• [Exercise details]: Reproduce the listing below character for character; drop every image.

• [Information supplied]:
——————

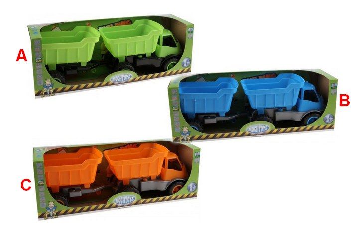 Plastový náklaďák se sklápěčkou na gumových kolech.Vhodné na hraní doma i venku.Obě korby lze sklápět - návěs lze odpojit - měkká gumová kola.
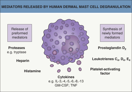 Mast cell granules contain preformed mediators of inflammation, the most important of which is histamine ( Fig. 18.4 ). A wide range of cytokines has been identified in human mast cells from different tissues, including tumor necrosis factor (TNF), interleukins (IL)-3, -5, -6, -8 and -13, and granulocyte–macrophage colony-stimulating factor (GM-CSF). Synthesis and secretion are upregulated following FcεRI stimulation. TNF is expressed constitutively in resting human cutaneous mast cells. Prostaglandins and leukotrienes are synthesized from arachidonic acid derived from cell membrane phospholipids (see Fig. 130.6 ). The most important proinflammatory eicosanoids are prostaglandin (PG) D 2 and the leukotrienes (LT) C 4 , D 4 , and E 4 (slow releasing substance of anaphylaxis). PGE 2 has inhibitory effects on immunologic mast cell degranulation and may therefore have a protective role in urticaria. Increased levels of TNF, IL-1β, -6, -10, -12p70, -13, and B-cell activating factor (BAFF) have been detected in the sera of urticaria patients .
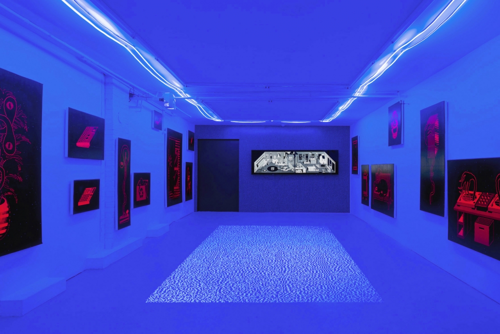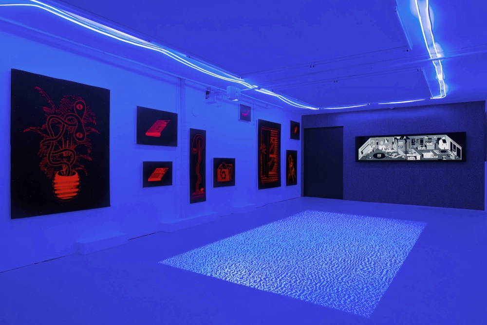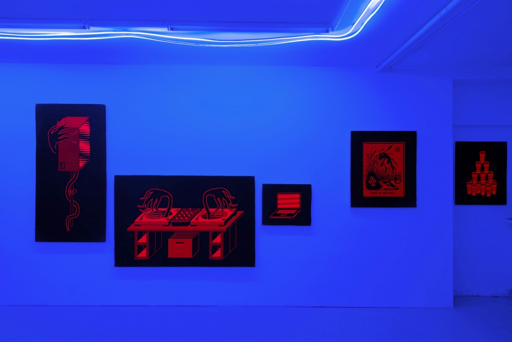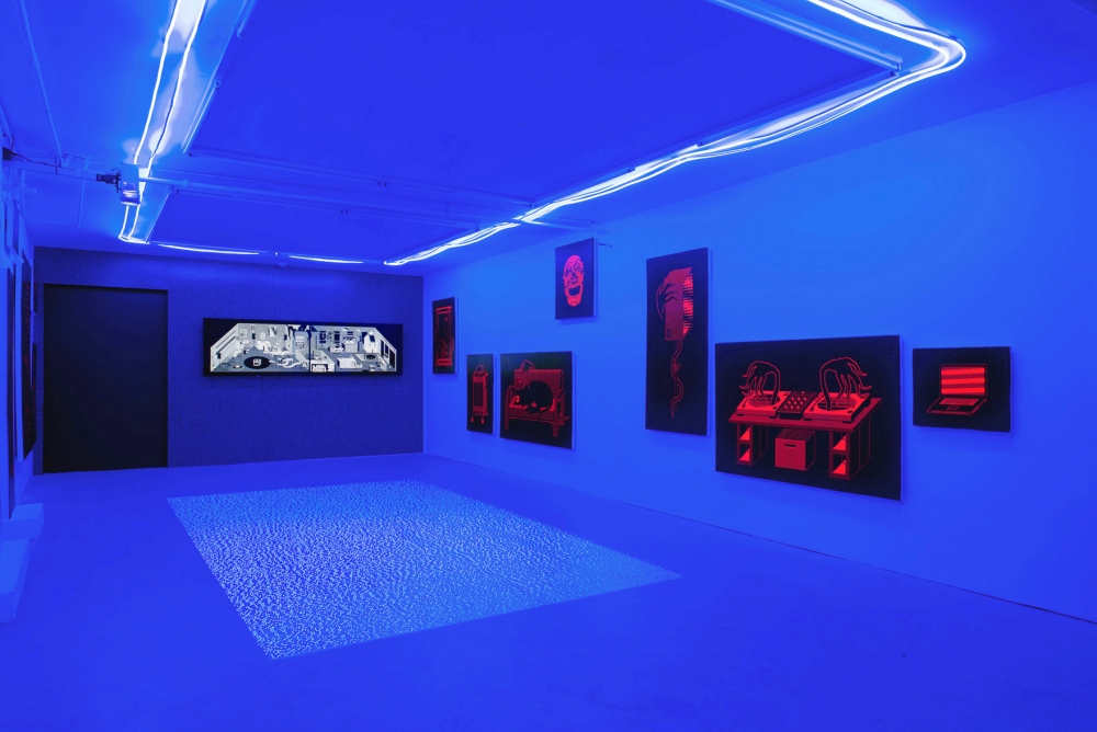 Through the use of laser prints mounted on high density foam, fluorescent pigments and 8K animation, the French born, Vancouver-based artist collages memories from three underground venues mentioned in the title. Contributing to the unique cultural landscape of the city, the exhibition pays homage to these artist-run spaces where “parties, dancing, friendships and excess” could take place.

——————

• [Written solution]:
 Plastový náklaďák se sklápěčkou na gumových kolech.Vhodné na hraní doma i venku.Obě korby lze sklápět - návěs lze odpojit - měkká gumová kola.
 Mast cell granules contain preformed mediators of inflammation, the most important of which is histamine ( Fig. 18.4 ). A wide range of cytokines has been identified in human mast cells from different tissues, including tumor necrosis factor (TNF), interleukins (IL)-3, -5, -6, -8 and -13, and granulocyte–macrophage colony-stimulating factor (GM-CSF). Synthesis and secretion are upregulated following FcεRI stimulation. TNF is expressed constitutively in resting human cutaneous mast cells. Prostaglandins and leukotrienes are synthesized from arachidonic acid derived from cell membrane phospholipids (see Fig. 130.6 ). The most important proinflammatory eicosanoids are prostaglandin (PG) D 2 and the leukotrienes (LT) C 4 , D 4 , and E 4 (slow releasing substance of anaphylaxis). PGE 2 has inhibitory effects on immunologic mast cell degranulation and may therefore have a protective role in urticaria. Increased levels of TNF, IL-1β, -6, -10, -12p70, -13, and B-cell activating factor (BAFF) have been detected in the sera of urticaria patients .
 Through the use of laser prints mounted on high density foam, fluorescent pigments and 8K animation, the French born, Vancouver-based artist collages memories from three underground venues mentioned in the title. Contributing to the unique cultural landscape of the city, the exhibition pays homage to these artist-run spaces where “parties, dancing, friendships and excess” could take place.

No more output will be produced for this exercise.